# Maths Teacher



## Kaffee (Aug 28, 2015)

I'm a UK qualified Maths teacher with several years of experience and will be moving to Melbourne to marry my partner later this year.

I know that my UK teaching qualification is not recognised overseas (I trained via the Graduate Teacher Programme which was 'on the job' training with support from Brunel University and is only recognised in England and Wales). I have a undergraduate maths degree from a UK University.

My question is - What course would I need to complete to be able to teach in Victoria (Melbourne in particular) and does any one know what the chances of gaining sponsorship from a school to pay for University fees?


----------



## JandE (Jul 17, 2015)

Here is a page on one Australian uni for scholarships. http://international.curtin.edu.au/scholarships/

However, the last bit at the bottom is vital...



> [As a sponsored student you would receive assistance (or a scholarship) from your home government, organisation or company to undertake studies in Australia. This funding is usually administered by the sponsoring body within your home country (and not by Curtin University).


I wonder how many real scholarships are available and how they get divided up between Australians and International Students.


----------



## aussiesteve (Mar 16, 2012)

Kaffee said:


> I'm a UK qualified Maths teacher with several years of experience and will be moving to Melbourne to marry my partner later this year.
> 
> I know that my UK teaching qualification is not recognised overseas (I trained via the Graduate Teacher Programme which was 'on the job' training with support from Brunel University and is only recognised in England and Wales). I have a undergraduate maths degree from a UK University.
> 
> My question is - What course would I need to complete to be able to teach in Victoria (Melbourne in particular) and does any one know what the chances of gaining sponsorship from a school to pay for University fees?

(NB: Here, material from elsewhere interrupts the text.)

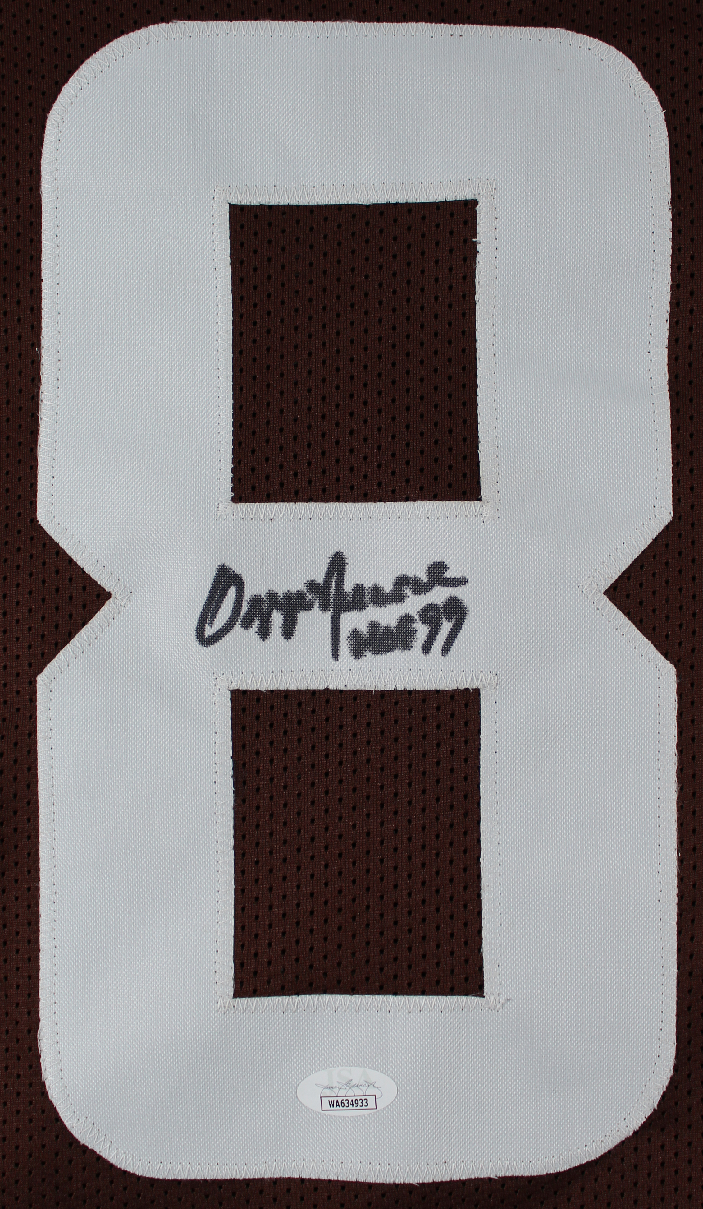 This Autographed Brown Pro Style Jersey with the inscription of "HOF 99" has been Personally Signed by Ozzie Newsom of the Cleveland Browns. This item is 100% Authentic to include a Certificate of Authenticity (COA) / hologram by JSA Witness. This is a JSA Witnessed Protection Program item which means a JSA representative was present when this item was being signed. We conducted an autograph signing with Ozzie Newsom where multiples of the same item were signed. While the photographs are representative of this item, the size, placement and strength of the signature may vary. Each item is hand signed, therefore, each autograph is unique. This item can be verified through JSA Witness. This is a X-Large sized, non-branded, custom-stitched Jersey.

From this article it would appear there is a glut of general teachers and a potential shortage in some foelds, so those subjects would be the ones to concentrate on. As far as sponsorship I doubt there would be many if any available. 
Also remember that until you become a permanent resident you will pay international student rates, which are much more than the domestic rate.


----------



## Kaffee (Aug 28, 2015)

aussiesteve said:


> ....
> Also remember that until you become a permanent resident you will pay international student rates, which are much more than the domestic rate.


Thanks for both replies.

PR after 2 years or when I get my 820 after marriage?


----------



## aussiesteve (Mar 16, 2012)

Kaffee said:


> Thanks for both replies.
> 
> PR after 2 years or when I get my 820 after marriage?


2 years from your 820.
I also forgot to post the link to the article.!!
Here it is https://www.teachermagazine.com.au/geoff-masters/article/planning-a-stronger-teacher-workforce


----------